То ли известие не обрадовало, то ли мороз за шиворот забрался, поежился Анисимыч, сдвинул шапку с левой брови на правую, поглядел туда-сюда: идут люди на фабрику. Пять часов утра.

«Ладно!» — сам себе сказал и, разгоняя кровь, засеменил к фабрике бочком, постукивая нога об ногу, похлопывая по бокам руками.

Близко к фабрике не подошел. В стороне встал.

В дверях — сторожа, у кого дубина, у кого ломик, а у некоторых оглобли.

Задерживаться рабочим не позволяют. Как кто встанет — срываются, как борзые, и сразу драться.

Возле корпуса прядильщиков метался Тимофей Яковлев.

— Стой, ребята! Праздник ведь!

— Праздник-то праздник, — отвечали ему согласно, мешкали, ругались, но все равно шли в свой прядильный корпус.

«Ладно», — сказал себе Моисеенко и подбежал ближе к дверям, чтоб его видели рабочие.

К нему тотчас стали подходить. Набралось человек десять.

— Стойте здесь, не ходите на фабрику!

Побежал к боковым дверям.

И тут его узнали, окружили, спрашивали, чего делать.

— А ничего не делать! Стойте сами и других не пускайте. Вернулся к главным дверям, а все уже разошлись, кинулся к боковым — и там никого.

Еще подошли, узнали, остановились, Волков появился:

— Ну чего, Анисимыч?

— А ничего! Спишь больно долго. Ступай к главным дверям.

Волков пошел, но скоро вернулся:

— Сторожа дубинами гоняют.

— Слышь, Анисимыч, — сказал кто-то из ткачей. — Мы, пожалуй, того, на фабрику пойдем… А то ведь, не ровен час, запишут номер, и вместо одного — три дня оттрубишь. Ты не сердись. Ничего, видно, с нашим народом не поделаешь.

Понурились и пошли.

— Овцы! Истинные овцы! — Анисимыч сорвал шапку и бросил под ноги себе.

Волков поднял шапку, стряхнул с нее снег.

— Надень.
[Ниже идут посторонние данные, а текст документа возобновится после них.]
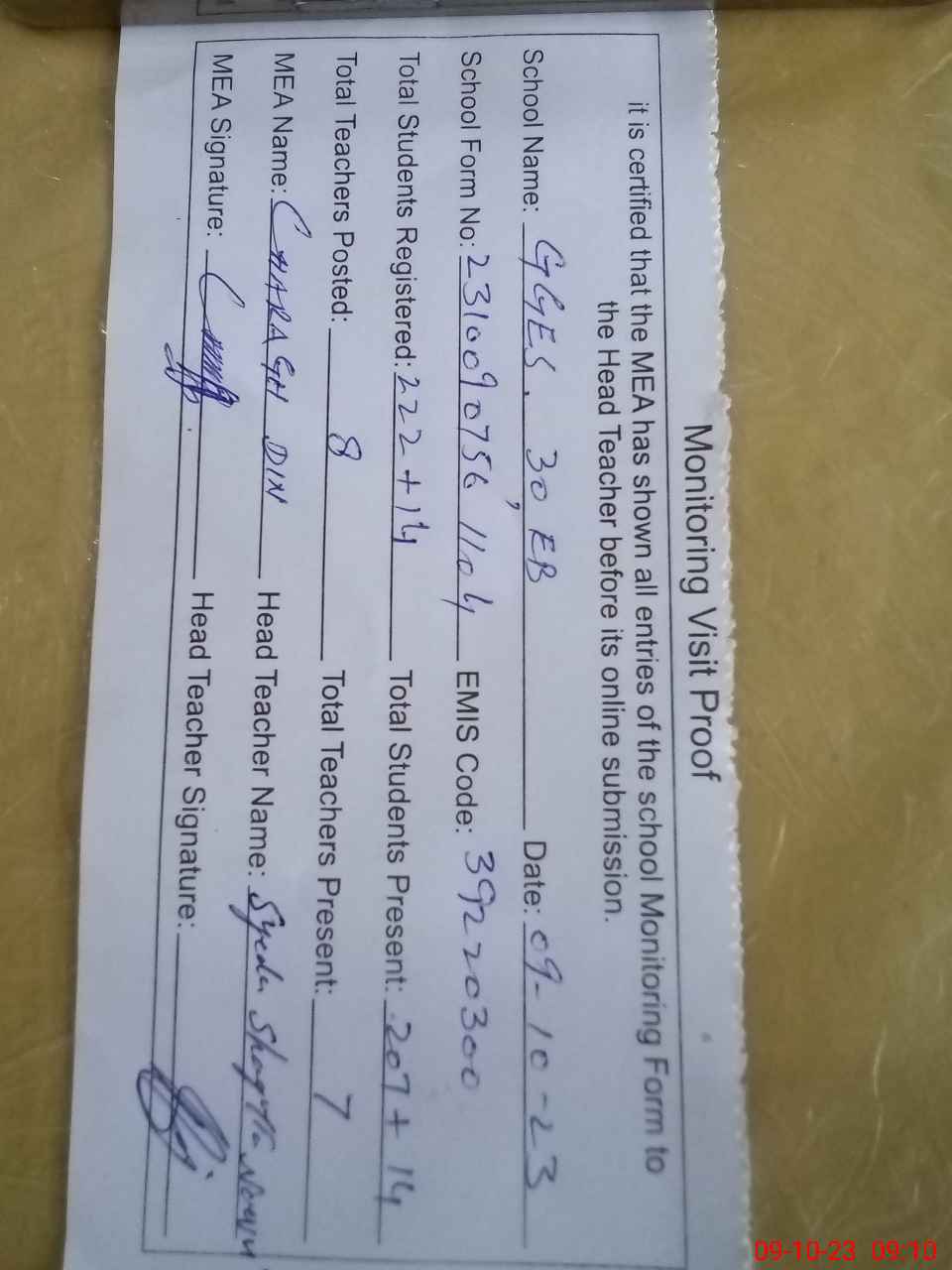 | Attendance Register | Head Teacher | MEA with School | Visit Proof |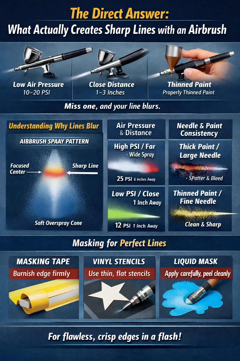 Az éles vonalak egy festékszóróval négy alapvető változóra vezethetők vissza, amelyek együtt működnek: alacsony légnyomás (általában 10-20 PSI) , közeli munkatávolság (1-3 hüvelyk a felülettől), megfelelően hígított festék és szándékos kioldóvezérlés. Ha még egyet is kihagy ezek közül, a vonal meglágyul, vérzik vagy fröcsköl. A legtöbb kezdő azért küzd, mert túl messze dolgozik a felszíntől és túl nagy nyomást gyakorol – ez a két szokás azonnal megöli a pontosságot.
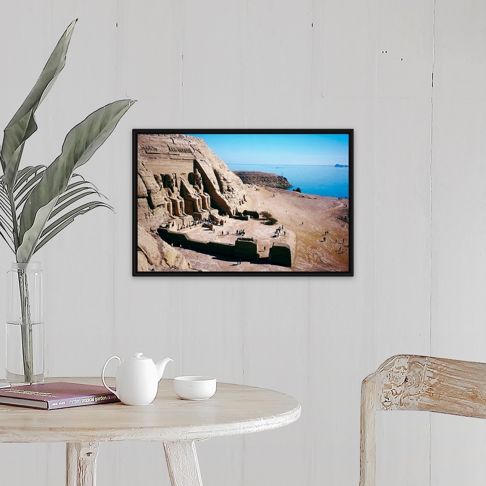 "Egyptian building carved into hillside" Black Float Frame Canvas Art

Простудишься… Слышь, Анисимыч, забежим, что ли, ко мне. Ты небось и не завтракал?

— Да где уж было… Спешил!..


* * *

— Истинные овцы! — снова взъярился Моисеенко, обжигаясь кипятком, хрупая кусковой сахар.

— Не ругайся, Анисимыч. Вишь ведь, предатель сыскался… Сторожей нагнали. Я прикинул: у фабрики стоит человек двести.

— Их двести, а нас — восемь тыщ! — Моисеенко решительно запахнул зипунок. — Поглядим еще! Может, и вправду не бараны.

На фабрике прошли к станкам Анисимыча, они были уже раскрыты и пущены.

— Жена постаралась. Позовем наших — и на третий этаж, в уборную.

Собрались молчком.

— Мужиков с дубьем испугались? — накинулся Анисимыч на ткачей. — Или сил нет у нас, чтоб забор на колы растащить?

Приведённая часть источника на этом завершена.